The portrait of “Rosey” Thompson hangs about the mantle in the newly renamed Thompson Dining Hall, of the newly renamed Grace Hopper College.  Rosey Thompson ’84 was an African American student in Calhoun College who after being selected as a FroCo and a Rhodes Scholar, was killed in a car accident just months before his death.

In response to debate over changing the name of Calhoun College, it was decided that the dining hall would be renamed in Thompson’s honor.  In doing so, the artist Mirjam Bruckner produced a portrait of Thompson.  The painting itself uses a very limited color palette to depict a half-length portrait of Rosey amidst birds and flowers.  Measuring just a few feet wide, and several feet high, the painting makes an impact due to its departure from the typical portrait found in Yale Colleges.

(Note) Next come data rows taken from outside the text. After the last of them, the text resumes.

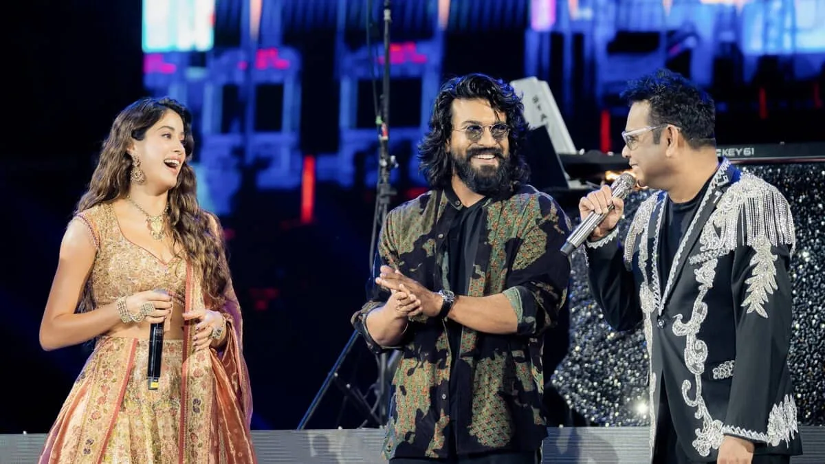 Just when fans thought the concert couldn’t get any better, the evening took a surprising turn. Superstar Ram Charan and actress Janhvi Kapoor made a special appearance on stage, leaving the audience screaming in joy. Their surprise entry lit up the stage as Rahman welcomed them with a warm smile. Videos of the trio on stage went viral within minutes, flooding social media with excitement and admiration.
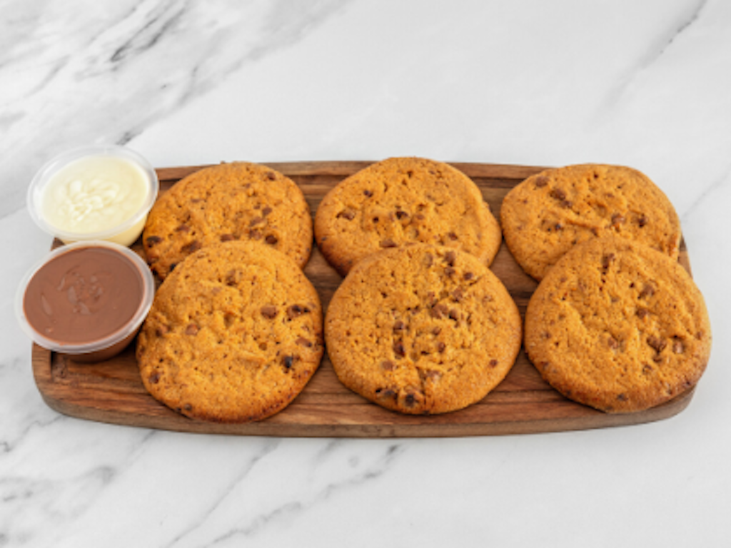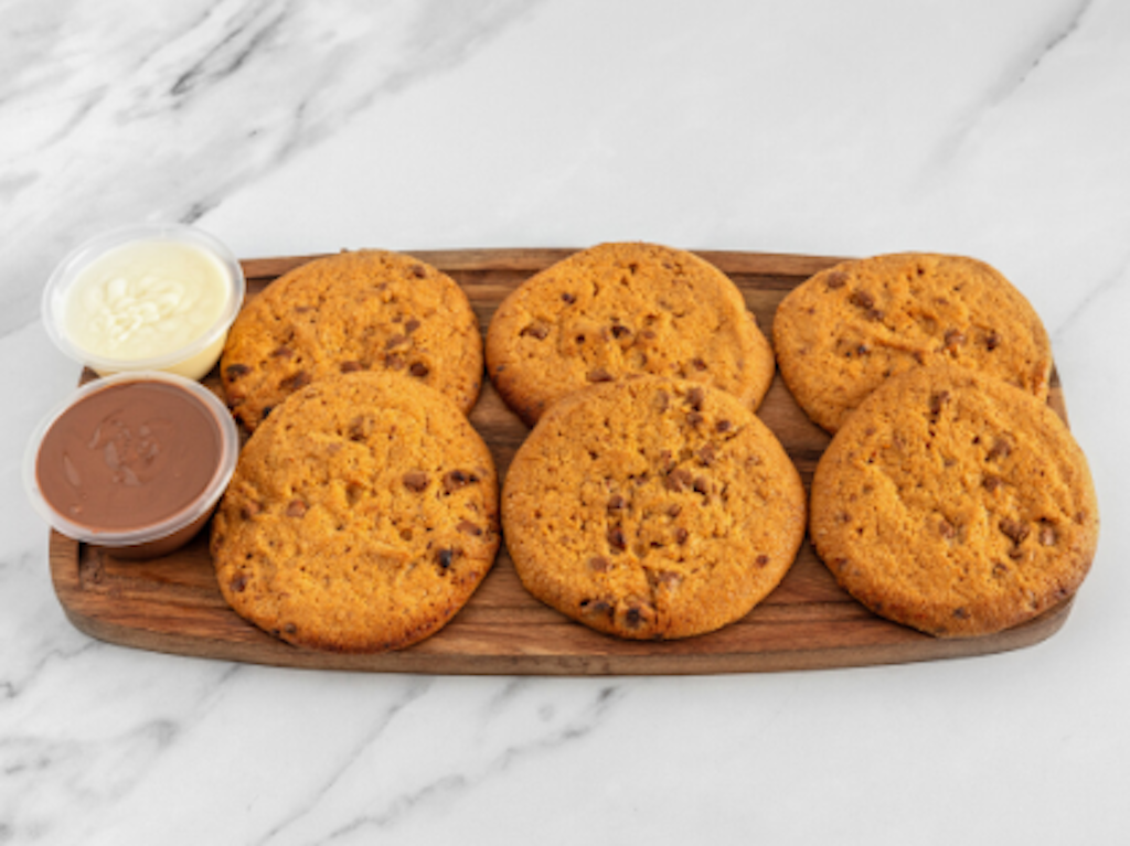 Six chocolate chip dipping cookies served with two belgian milk chocolate sauce.
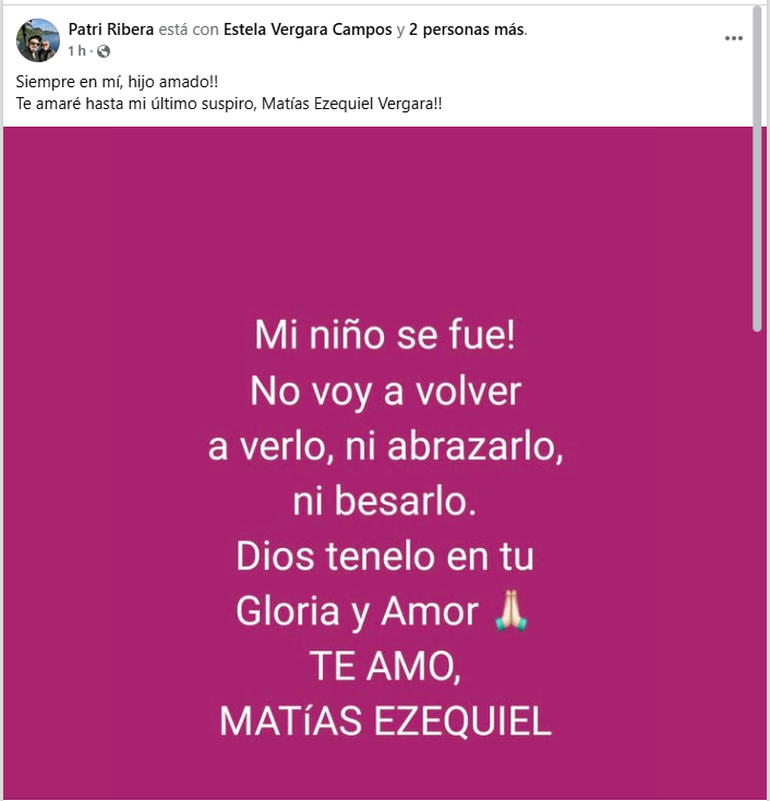 "Mi niño se fue! No voy a volver a verlo, ni abrazarlo, ni besarlo. Dios, tenelo en tu gloria y amor. TE AMO, MATÍAS EZEQUIEL", escribió su madre en Facebook, en un mensaje desgarrador.
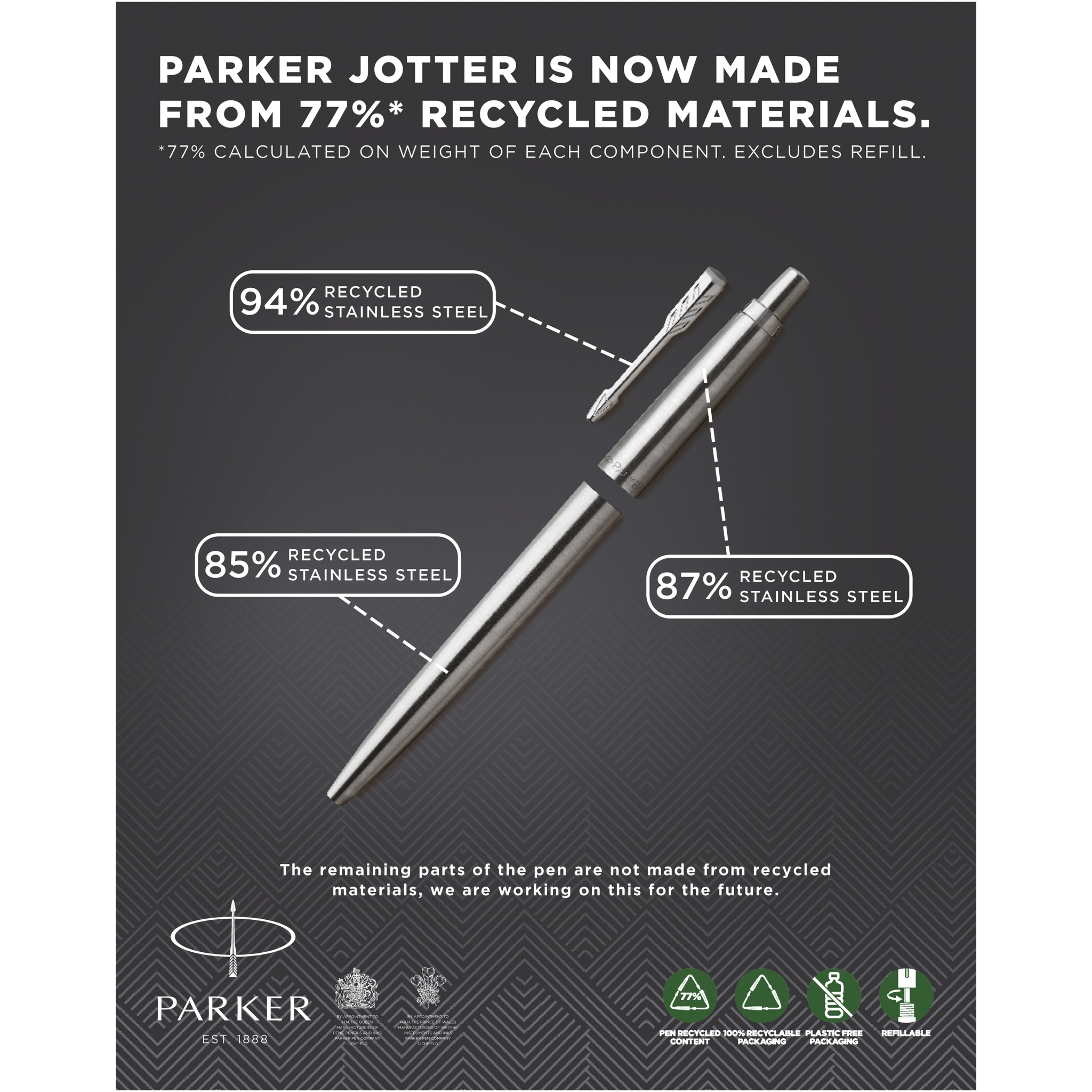 Jotter yra autentiška pastarųjų 60 metų dizaino ikona. Su geidžiamomis spalvomis ir išskirtine forma Jotter išlieka populiariausiu Parker rašikliu, atpažįstamu nuo jo spragtelėjimo. Įsk. Parker dovanų dėžutė. Pristatomas su patentuotu QuinkFlow rutuliniu užpildu. Išskirtinis dizainas.
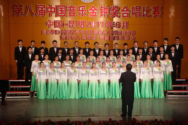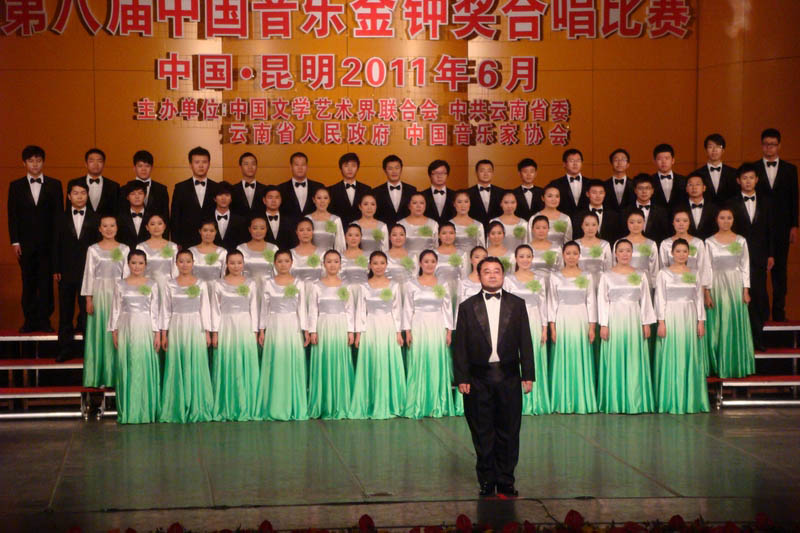 在庆祝建党90周年之际,由中国文学艺术界联合会、中共云南省委、云南省人民政府、中国音乐家协会联合主办的第八届中国音乐“金钟奖”合唱比赛于6月17日至22日在昆明正式唱响。新葡京秦汉民书记、王拥军副院长于6月15日带领52名学生及7名青年教师米卓、董密、雷倩、李欣、任红星、张伶、朱琳赴昆明参加比赛。新葡京合唱团作为陕西省唯一一支参赛代表队,在比赛中喜获优秀奖,创造了陕西省在“金钟奖”合唱比赛中的最好成绩。
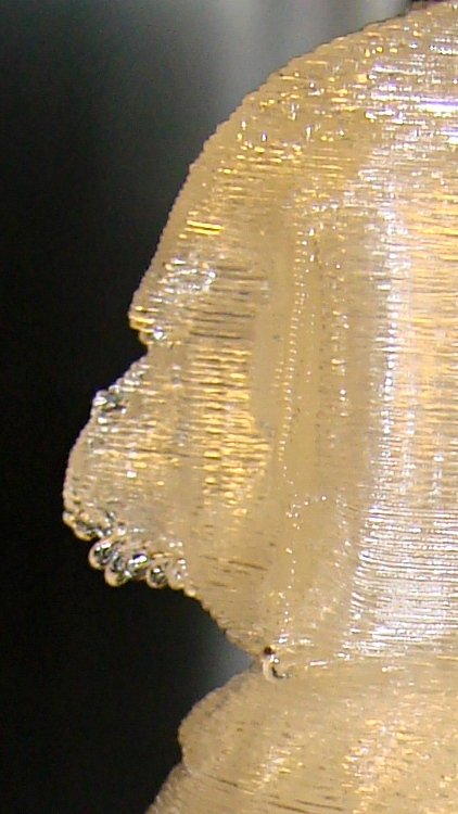 A closeup of the beak shows the crystal-clear drooping filament; a similar effect happened on the downward-pointing feather tips. Generally, this is a sign of too-hot extrusion, but at 165 °C I’m not convinced that’s applicable. It may simply be too much overhang at this scale:
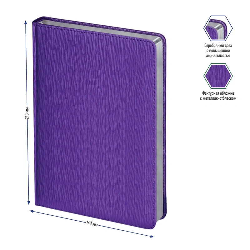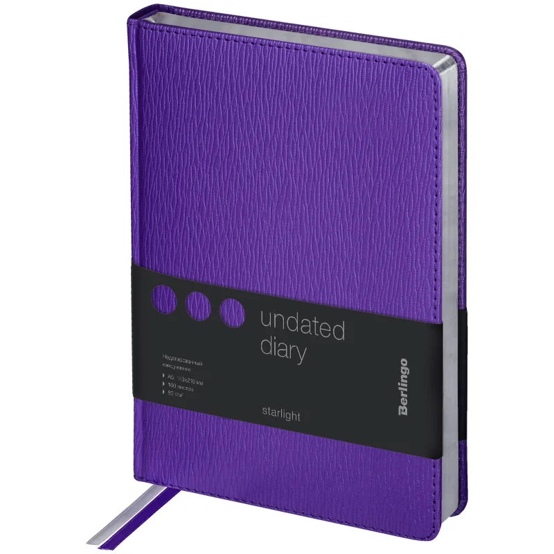 Оригинальный недатированный ежедневник Berlingo Starlight формата А5 с твердой блестящей обложкой из экокожи и поролоновой прослойкой идеально подойдет в качестве подарка. Серебряный фольгированный срез красиво подчеркивает яркий фиолетовый цвет обложки с продольной текстурой. Внутренний блок состоит из 160 листов высококачественной кремовой бумаги повышенной плотности 80 г/м? с пантонной печатью в 2 краски. Размер недатированного ежедневника – 150 на 215 мм.
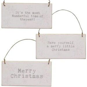 The Merry Christmas Mini Snowflake Ornaments are an assortment of three wooden sign ornaments with a distressed white finish. The ornaments feature Christmas messages in a gray typewriter-style font, reading “Merry Christmas”, “It’s the most wonderful time of the year!”, and “Have yourself a merry little Christmas”. Each ornament comes equipped with a black wire hanger, making these signs the perfect wintry addition to a Christmas tree, on knobs, or even gifts during the holiday season. Each measure 1.75” high by 3.5” wide.
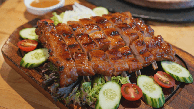 Piece of Spicy Braised Pork Galbi topped with vegetables
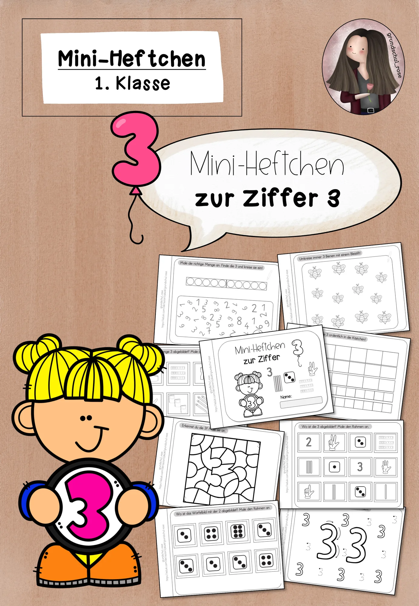 Mini-Heftchen zur Ziffer/Zahl 3 (1. Klasse)
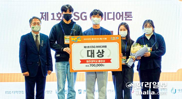 제주대학교 LINC3.0 사업단(단장 강태영)은 최근 수원 컨벤션센터에서 열린 2022 산학협력 EXPO '제1회 ESG(환경·사회·지배구조) 페스티벌 아이디어톤'에서 제주대 '자락자락' 팀(관광경영학과 이은지, 경영학과 임성민, 김대희, 정치외교학과 문희주)이 대상을 수상했다고 10일 밝혔다.
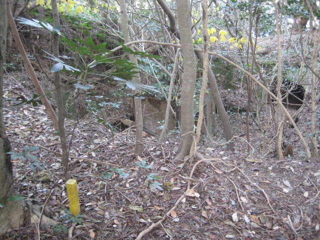 一つ目は火薬庫のすぐ裏手にあった黄色い境界杭。
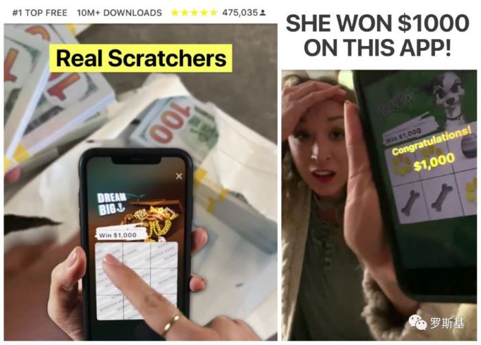 除了出手阔绰的“撒钱”方式(shì)和优秀(xiù)的游戏质量(liàng),《Lucky Day》在买量(liàng)上也毫不手软。广(guǎng)告(gào)素(sù)材更换频(pín)繁(fán)且投放(fàng)的数量高,前三投放渠(qú)道分别(bié)为Instagram,Facebook,以及Audience Metwork,投(tóu)放(fàng)素材以视频为主,广告中包(bāo)含(hán)大量的(de)真(zhēn)钞,以及得(dé)奖后兴奋的人,广告所带来的丰富奖励让玩家的沉浸感得到了大(dà)幅提升。
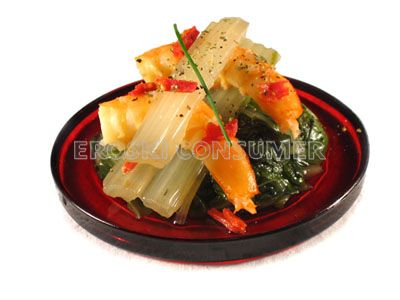 Presentamos como base unos montoncitos de hoja de acelga y encima las pencas con langostinos, y salseamos con la vinagreta de soja.

Working from the definition that a portrait is a representation of someone or something, I think that this is a wonderful example.  Portraiture, under this definition, must seek to represent someone or something through an image, it does not need to accurately depict or be clearly legible as long as why it depicts is in some way representative of the suggested subject.

In this portrait of Rosey, the paint is applied in a sketchy way, leaving brushstrokes visible.  The texture is very present, and almost comes across as reminiscent of some sort of etching.   

As a student in Grace Hopper, I have loved this painting since its installation.  I think it portrays a really hopeful image of an incredible individual whose life was cut short.  While students have become numb to images of other old white men in libraries and dining halls across campus, the image of Rosey Thompson in Thompson Dining Hall is a new, albeit melancholic, image of an inspiring individual.